I think that fear is generally a non-productive emotion to have with regards to a business. That said, to the extent that there is a risk involved with AR, the risks which I spent the most time controlling for are "What happens if this very mission-critical service goes down hard and we don't learn about that immediately? What happens if we lose data? What happens if we have a reportable breach under the HIPAA rules?"
The answers to these questions are rather boring: after you know your risks, you control them. I put substantial efforts into making the service robust and improving our monitoring infrastructure so that it fails loud rather than failing quiet. We have backups for the data, both within our own infrastructure and elsewhere (shoutout for Tarnsap, the only encrypted backup provider worth mentioning). I spent adequate time securing the system and understanding the consequences of the HIPAA rules, and then pay Warren Buffet a meaningful amount of money to shift the tail risk of a breach to one of his insurance companies.
With regards to Appointment Reminder, a major advantage is having run a spiritually similar business before, which meant that to the limited extent I was willing to do hard work in the business the hard work went to things which directly affect success (development, sales, etc) and not towards learning how to do things which are necessary but which don't directly cause success (bookkeeping, server administration, etc).
Ship. Ship. SHIP. The overwhelming failure case among people who read interviews like this one is that they spend 98 units of effort reading about running a business for every 2 units of effort running a business. Flip that on its head.
There was no one in the world less qualified to build a software business than I was when I started. The degree of unqualified started to go down precipitously after I already had a business in the market and was working on it, even though that business was a tiny hobby when I started.

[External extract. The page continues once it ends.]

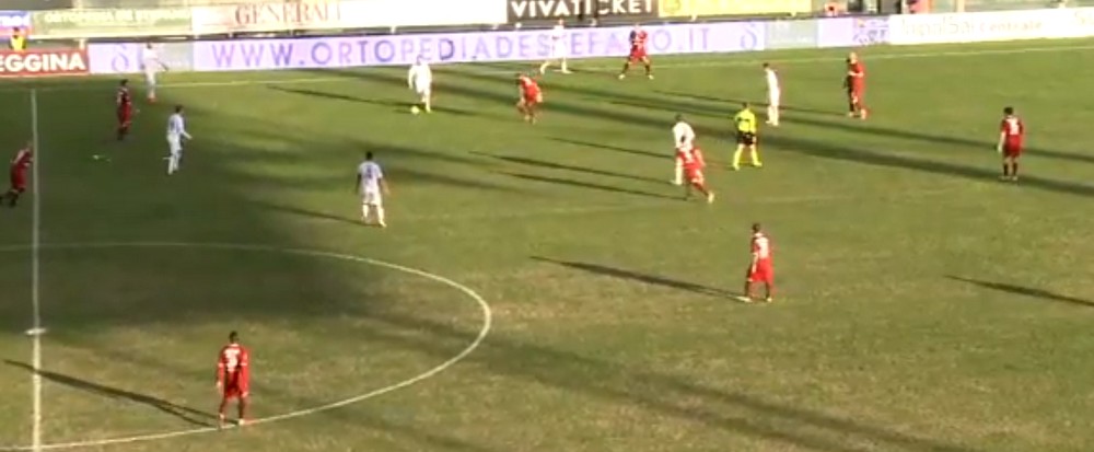 La Reggina cerca la reazione immediata e la trova con Bellomo che punta il cuore della trequarti giallorossa, ma è Favalli a recuperare su di lui portandogli via il pallone e iniziando quella che sarà la sua miglior prestazione in giallorosso dall’inizio del torneo.

Talk to customers. Build things. Ask customers to buy them. Repeat until you achieve your goals for the business.
I write a lot at the Kalzumeus Blog and on Hacker News as patio11. Rather little of it is directly related to Appointment Reminder. You can find AR here.
You can also leave a comment below, and I'll try to get back to you!

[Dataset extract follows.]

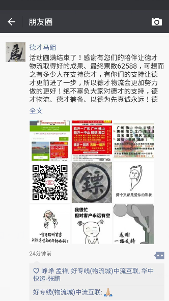 感谢有您们的陪伴让德才物流取得好的成果、最终票数62588,可想而之有多少人在支持德才,有你们的支持让德才更前进了一步,所以德才物流会更加努力做的更好!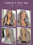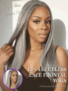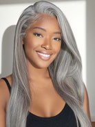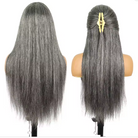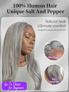 100% Human Hair 13X4 Lace Frontal Wig Glueless Straight Salt And Pepper Natural Look Pre Plucked

First Congrats, people forgot that it's extremely difficult to ship something that customers will use and pay for! Great success! I am building something similar for a specific niche in the EU focusing on WhatsApp only. One question for you, don't you think that niching down will bring you more cash (long term)? Meaning as you work with health professionals, why you don't focus solely on them? Plus you have a big advantage as you are HIPAA compliant. What are your thoughts on that?
This is excellent writeup thanks.
Awesome - great site. It reminds me of workflows and lead gen systems for creating reminders for salespeople to do follow-up emails and phone calls.
I noticed however your site could be optimized for page speed and content delivery. Have you ever thought about making a pass on improving the overall footprint of https://www.appointmentreminder.org? I run a web software consulting shop and would be delighted to hop on a free scoping call.
@patio11 this is a great story and very inspiring! You said that you wanted to utilize the Twilio API in the small business market but how did you decide on the service industry? I have a similar idea (using software to help insurance brokers remind customers that their policy is about to be up) but need to figure out how to validate. Thanks again for your inspiration!
That's a cool idea.. send a text with a link to a calendar to set appointment time for your rep to call you type thing.